• **TASK DETAILS**
Each entry is to be repeated word for word, and the images are to be dropped.

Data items
____________

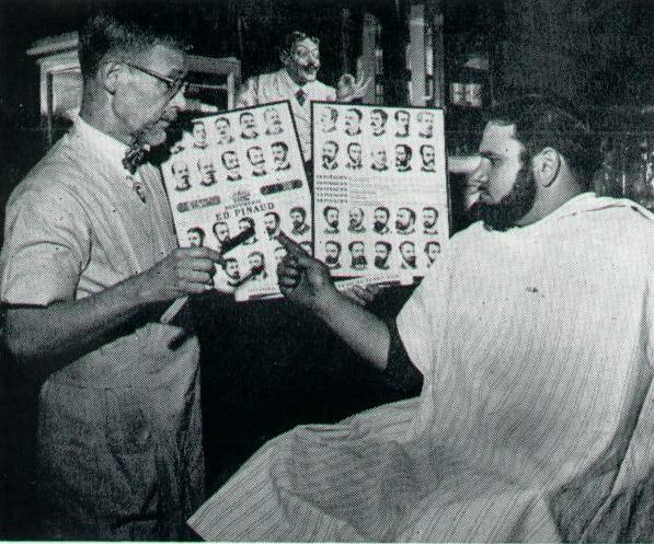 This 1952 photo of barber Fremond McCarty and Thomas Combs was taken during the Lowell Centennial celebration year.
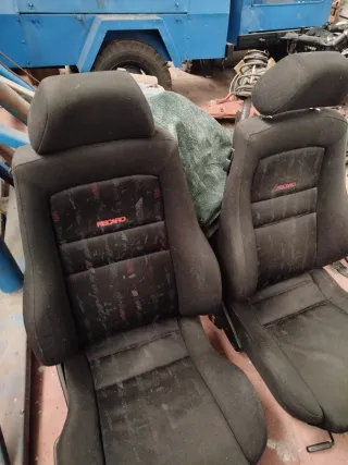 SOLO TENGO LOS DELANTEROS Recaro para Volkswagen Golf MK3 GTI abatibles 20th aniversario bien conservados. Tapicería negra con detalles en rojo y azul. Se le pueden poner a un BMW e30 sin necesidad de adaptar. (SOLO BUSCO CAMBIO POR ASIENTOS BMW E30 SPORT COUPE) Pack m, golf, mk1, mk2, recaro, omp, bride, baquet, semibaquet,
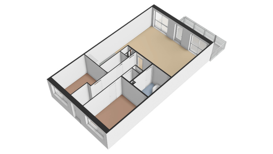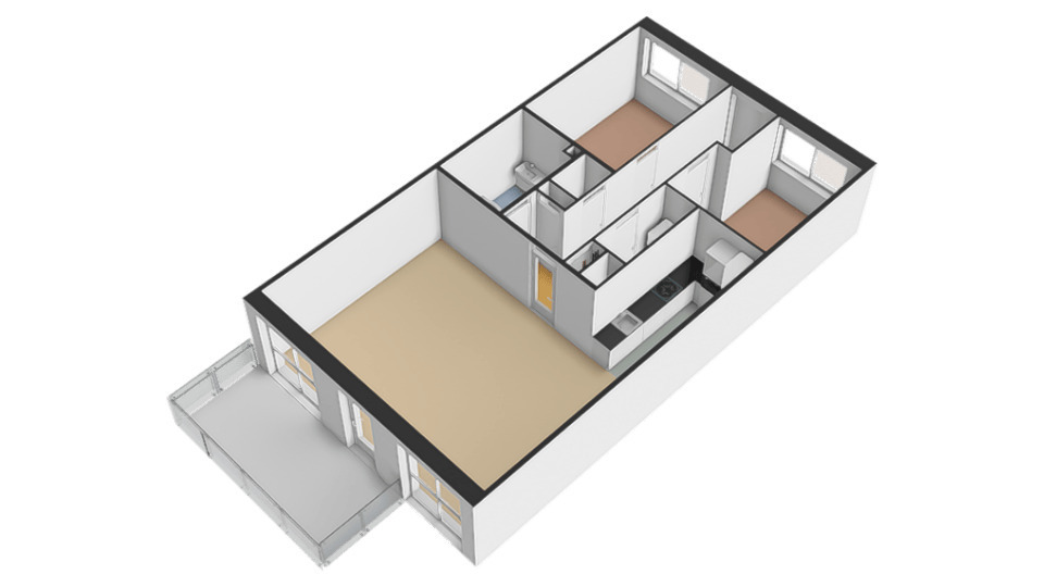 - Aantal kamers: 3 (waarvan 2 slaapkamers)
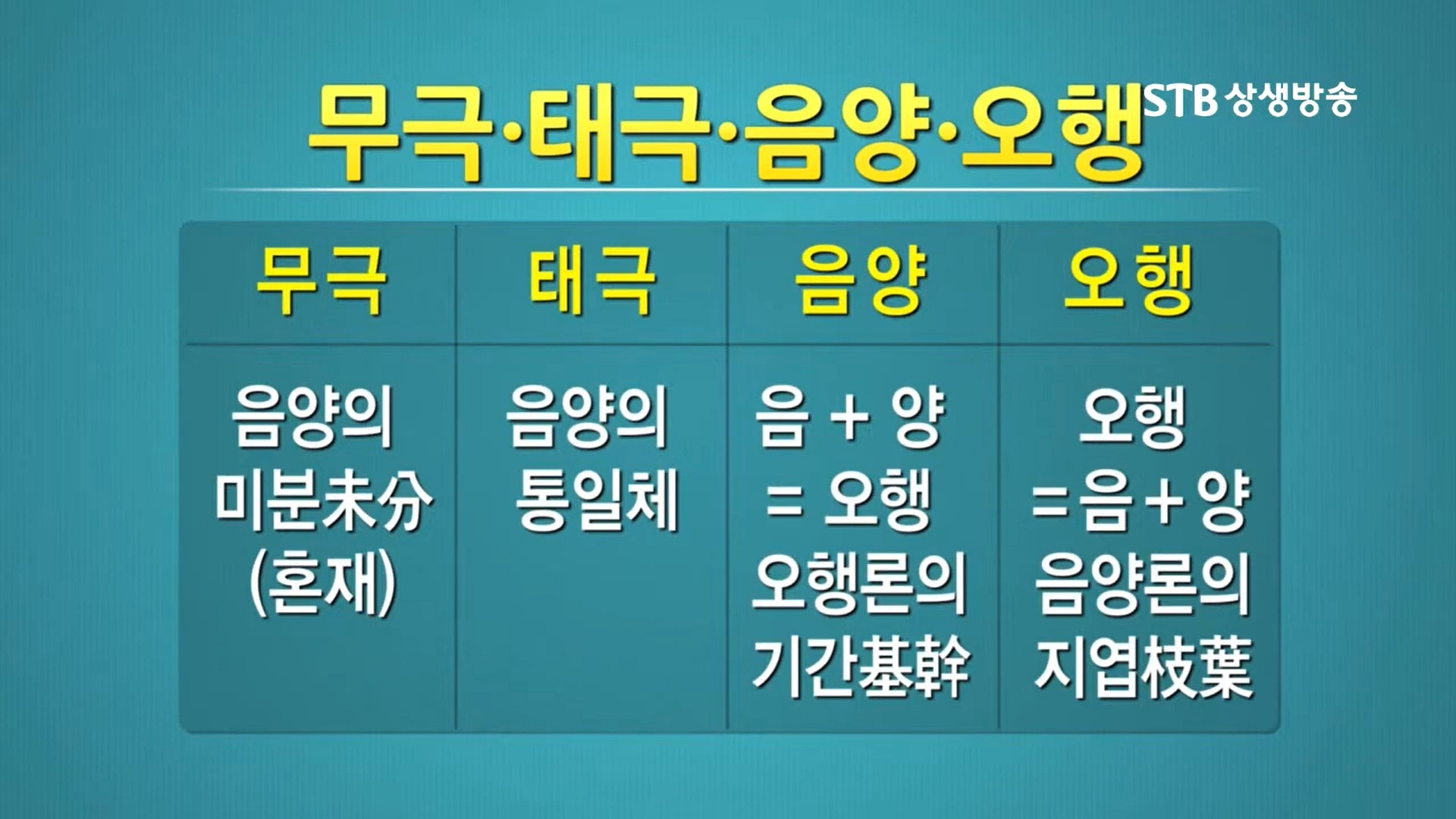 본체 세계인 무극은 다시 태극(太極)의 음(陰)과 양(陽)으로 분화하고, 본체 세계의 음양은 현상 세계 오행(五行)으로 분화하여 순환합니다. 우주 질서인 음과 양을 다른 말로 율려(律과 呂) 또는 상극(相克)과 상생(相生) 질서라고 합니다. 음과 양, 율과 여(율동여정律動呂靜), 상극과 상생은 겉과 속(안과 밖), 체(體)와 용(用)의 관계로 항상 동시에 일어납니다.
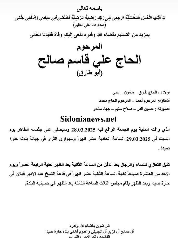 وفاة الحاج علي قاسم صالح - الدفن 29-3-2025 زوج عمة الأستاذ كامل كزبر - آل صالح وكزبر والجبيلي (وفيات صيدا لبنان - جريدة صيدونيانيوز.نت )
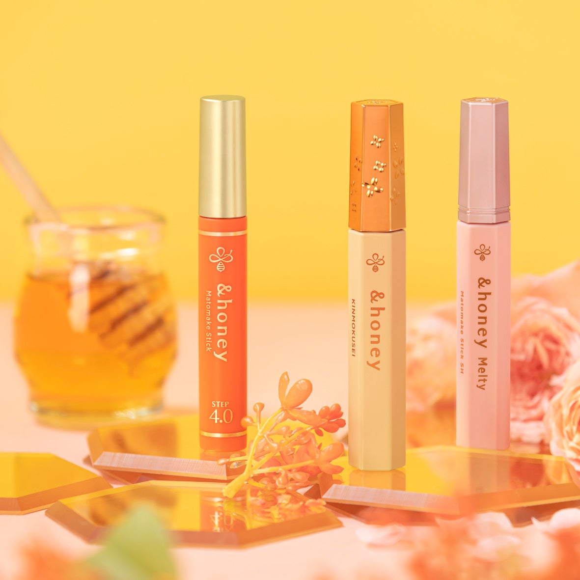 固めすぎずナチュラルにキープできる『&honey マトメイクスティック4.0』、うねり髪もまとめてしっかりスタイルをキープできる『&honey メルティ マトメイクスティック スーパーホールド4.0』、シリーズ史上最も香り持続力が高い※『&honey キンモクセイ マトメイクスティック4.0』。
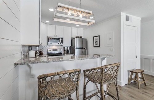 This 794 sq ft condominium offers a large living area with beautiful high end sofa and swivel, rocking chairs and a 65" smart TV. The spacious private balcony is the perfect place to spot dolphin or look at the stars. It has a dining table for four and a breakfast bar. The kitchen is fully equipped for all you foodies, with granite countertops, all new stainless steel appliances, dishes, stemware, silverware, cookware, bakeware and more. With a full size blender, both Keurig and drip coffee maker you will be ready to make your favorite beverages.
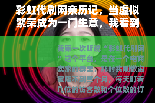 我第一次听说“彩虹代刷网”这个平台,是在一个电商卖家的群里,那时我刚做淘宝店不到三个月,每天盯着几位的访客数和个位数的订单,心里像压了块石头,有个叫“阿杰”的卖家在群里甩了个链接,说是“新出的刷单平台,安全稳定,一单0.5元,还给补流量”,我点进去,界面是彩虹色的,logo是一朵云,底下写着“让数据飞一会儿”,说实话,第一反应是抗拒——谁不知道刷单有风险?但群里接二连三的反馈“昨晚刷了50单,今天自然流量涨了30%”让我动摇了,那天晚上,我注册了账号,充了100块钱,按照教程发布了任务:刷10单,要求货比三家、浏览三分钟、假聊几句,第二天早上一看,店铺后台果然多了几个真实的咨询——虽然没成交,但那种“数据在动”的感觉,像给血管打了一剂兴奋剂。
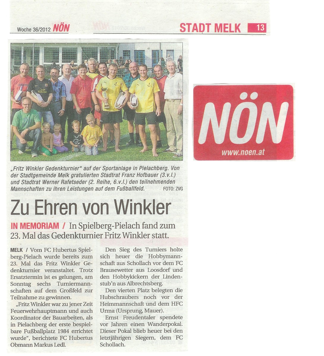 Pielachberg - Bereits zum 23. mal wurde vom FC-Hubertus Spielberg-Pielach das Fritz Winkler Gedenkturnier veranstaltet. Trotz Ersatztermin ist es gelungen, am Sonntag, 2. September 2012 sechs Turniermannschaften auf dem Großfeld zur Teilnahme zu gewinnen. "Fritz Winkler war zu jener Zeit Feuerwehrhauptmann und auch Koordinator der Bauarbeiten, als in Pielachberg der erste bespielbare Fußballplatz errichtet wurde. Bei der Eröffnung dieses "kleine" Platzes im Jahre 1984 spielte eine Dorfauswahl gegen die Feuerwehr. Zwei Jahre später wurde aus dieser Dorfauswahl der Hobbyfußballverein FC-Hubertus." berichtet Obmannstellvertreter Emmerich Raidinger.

____________

• **TASK SOLUTION**
 This 1952 photo of barber Fremond McCarty and Thomas Combs was taken during the Lowell Centennial celebration year.
 SOLO TENGO LOS DELANTEROS Recaro para Volkswagen Golf MK3 GTI abatibles 20th aniversario bien conservados. Tapicería negra con detalles en rojo y azul. Se le pueden poner a un BMW e30 sin necesidad de adaptar. (SOLO BUSCO CAMBIO POR ASIENTOS BMW E30 SPORT COUPE) Pack m, golf, mk1, mk2, recaro, omp, bride, baquet, semibaquet,
 - Aantal kamers: 3 (waarvan 2 slaapkamers)
 본체 세계인 무극은 다시 태극(太極)의 음(陰)과 양(陽)으로 분화하고, 본체 세계의 음양은 현상 세계 오행(五行)으로 분화하여 순환합니다. 우주 질서인 음과 양을 다른 말로 율려(律과 呂) 또는 상극(相克)과 상생(相生) 질서라고 합니다. 음과 양, 율과 여(율동여정律動呂靜), 상극과 상생은 겉과 속(안과 밖), 체(體)와 용(用)의 관계로 항상 동시에 일어납니다.
 وفاة الحاج علي قاسم صالح - الدفن 29-3-2025 زوج عمة الأستاذ كامل كزبر - آل صالح وكزبر والجبيلي (وفيات صيدا لبنان - جريدة صيدونيانيوز.نت )
 固めすぎずナチュラルにキープできる『&honey マトメイクスティック4.0』、うねり髪もまとめてしっかりスタイルをキープできる『&honey メルティ マトメイクスティック スーパーホールド4.0』、シリーズ史上最も香り持続力が高い※『&honey キンモクセイ マトメイクスティック4.0』。
 This 794 sq ft condominium offers a large living area with beautiful high end sofa and swivel, rocking chairs and a 65" smart TV. The spacious private balcony is the perfect place to spot dolphin or look at the stars. It has a dining table for four and a breakfast bar. The kitchen is fully equipped for all you foodies, with granite countertops, all new stainless steel appliances, dishes, stemware, silverware, cookware, bakeware and more. With a full size blender, both Keurig and drip coffee maker you will be ready to make your favorite beverages.
 我第一次听说“彩虹代刷网”这个平台,是在一个电商卖家的群里,那时我刚做淘宝店不到三个月,每天盯着几位的访客数和个位数的订单,心里像压了块石头,有个叫“阿杰”的卖家在群里甩了个链接,说是“新出的刷单平台,安全稳定,一单0.5元,还给补流量”,我点进去,界面是彩虹色的,logo是一朵云,底下写着“让数据飞一会儿”,说实话,第一反应是抗拒——谁不知道刷单有风险?但群里接二连三的反馈“昨晚刷了50单,今天自然流量涨了30%”让我动摇了,那天晚上,我注册了账号,充了100块钱,按照教程发布了任务:刷10单,要求货比三家、浏览三分钟、假聊几句,第二天早上一看,店铺后台果然多了几个真实的咨询——虽然没成交,但那种“数据在动”的感觉,像给血管打了一剂兴奋剂。
 Pielachberg - Bereits zum 23. mal wurde vom FC-Hubertus Spielberg-Pielach das Fritz Winkler Gedenkturnier veranstaltet. Trotz Ersatztermin ist es gelungen, am Sonntag, 2. September 2012 sechs Turniermannschaften auf dem Großfeld zur Teilnahme zu gewinnen. "Fritz Winkler war zu jener Zeit Feuerwehrhauptmann und auch Koordinator der Bauarbeiten, als in Pielachberg der erste bespielbare Fußballplatz errichtet wurde. Bei der Eröffnung dieses "kleine" Platzes im Jahre 1984 spielte eine Dorfauswahl gegen die Feuerwehr. Zwei Jahre später wurde aus dieser Dorfauswahl der Hobbyfußballverein FC-Hubertus." berichtet Obmannstellvertreter Emmerich Raidinger.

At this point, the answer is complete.